The Nigerian protesters have made it their duty to ensure that the venues of protests are tidied up at the end of every day. Dustbins and bin bags are provided for protesters to dispose of their trash. The protesters provide ambulances to take care of any emergencies. They hire private security men to help in ensuring orderliness at protest venues. They provide food and drinks for protesters. They provide charging points and cables for people to charge their phones while at the venues. They provide music for the entertainment of those present.

Interestingly, attempts have been made to discredit the protesters and derail the protests, but these attempts have been resisted. For example, thugs have attacked the protesters in Lagos, Abuja and other places, causing injuries and even death. Police have fired live bullets at them, causing deaths. Different groups and interests have tried to hijack the protests but that has failed. The protesters have refused to have known leaders, to make it difficult for such leaders to compromise the struggle. This has made it difficult for government to target their leaders and woo them with mind-boggling baits, as is alleged to have been done to the leaders of some protests in the past.

That the protesters refused to end the protests even after the announcement of the dissolution of SARS by the Inspector General of Police, Mohammed Adamu, shows the deficit of respect and trust the people have both for the IGP and the regime of the President, Major General Muhammadu Buhari (retd.). On a number of occasions, the regime had made different announcements restructuring SARS, investigating SARS, banning SARS, scrapping SARS, dissolving SARS and the like. Sadly, there was no positive change in the viciousness and callousness of SARS. SARS continued with its harassment, intimidation, extortion, impunity and extrajudicial killings.

The biggest thing Buhari brought into his presidency was his name: He was presented as a man of integrity, whose word was his bond, and who operated at the level of the common folks and was better positioned to feel their pulse and respond quickly to their problems. But surprisingly, he has detached himself from the masses since coming into office. He rarely talks to the public. He rarely goes to sites where major things occur. It is only at special occasions like the independence anniversary that his recorded speech is played to the nation. If he were close to the people, this protest would not have lasted for more than one day.

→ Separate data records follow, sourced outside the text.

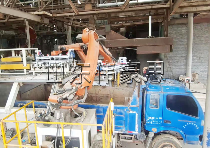 運(yun)輸車一(yi)側的機器人從下(xia)方輸送線上(shang)抓取(qu)料袋裝(zhuang)車,2臺機器(qi)人分區作業且有聯動(dong)防碰撞功能,在工(gong)作中互(hu)不干(gan)涉。2臺機器(qi)人可同時裝車。
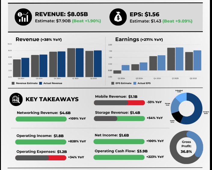 截至2月底的第二财季业绩方面,总部位于爱达荷州博伊西的美光科技表示,第二财季整体营收同比大幅增长38%至80.5亿美元,高于分析师们平均预测的79.1亿美元,其中与AI数据中心大规模建设密切相关的存储芯片业务营收实现翻三倍。剔除某些项目后,调整后(Non-GAAP) 的摊薄每股收益增长至1.56美元,远远强于上年同期的约0.42美元,超出1.43美元的分析师平均预期。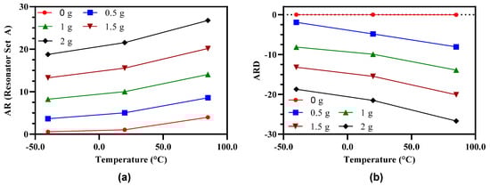 Effect of operating temperature variations on the (a) Amplitude ratio and (b) amplitude ratio difference of the MEMS accelerometer.

Predictably, Buhari may try to end the protests by sending soldiers to shoot at protesters and scare them off the streets. One prays that he does not go through that route for the sake of the casualties that may cause. When a group is non-violent but registering its unhappiness over an issue, it shows that such a group is not concerned about bringing the government down but concerned about having its demands met.

However, the protesters need to realise that whether Buhari reacts to their demands or not, no protest can last forever. They have made the point that they can bring the country to a standstill. They have made the point that they can go on for a month or more if they choose to. They have surprised those in government about their capabilities. It is time to pause and see what government will do in the next three months or six months over the issues raised. Undeveloped democracies are uncomfortable with protests. The protesters should not give those who have no value for human life an excuse to cause more deaths.

The alleged prison break in Benin City on Monday has all the signs of a planned job meant to give the #EndSARS protesters a bad name and clamp down on them. It was queer to see prisoners fleeing the prison with travelling bags, waving at cameras and even granting an interview. Even though it looked like a badly produced movie, those who directed it will still feel at ease to use it as an excuse to fire live bullets at protesters.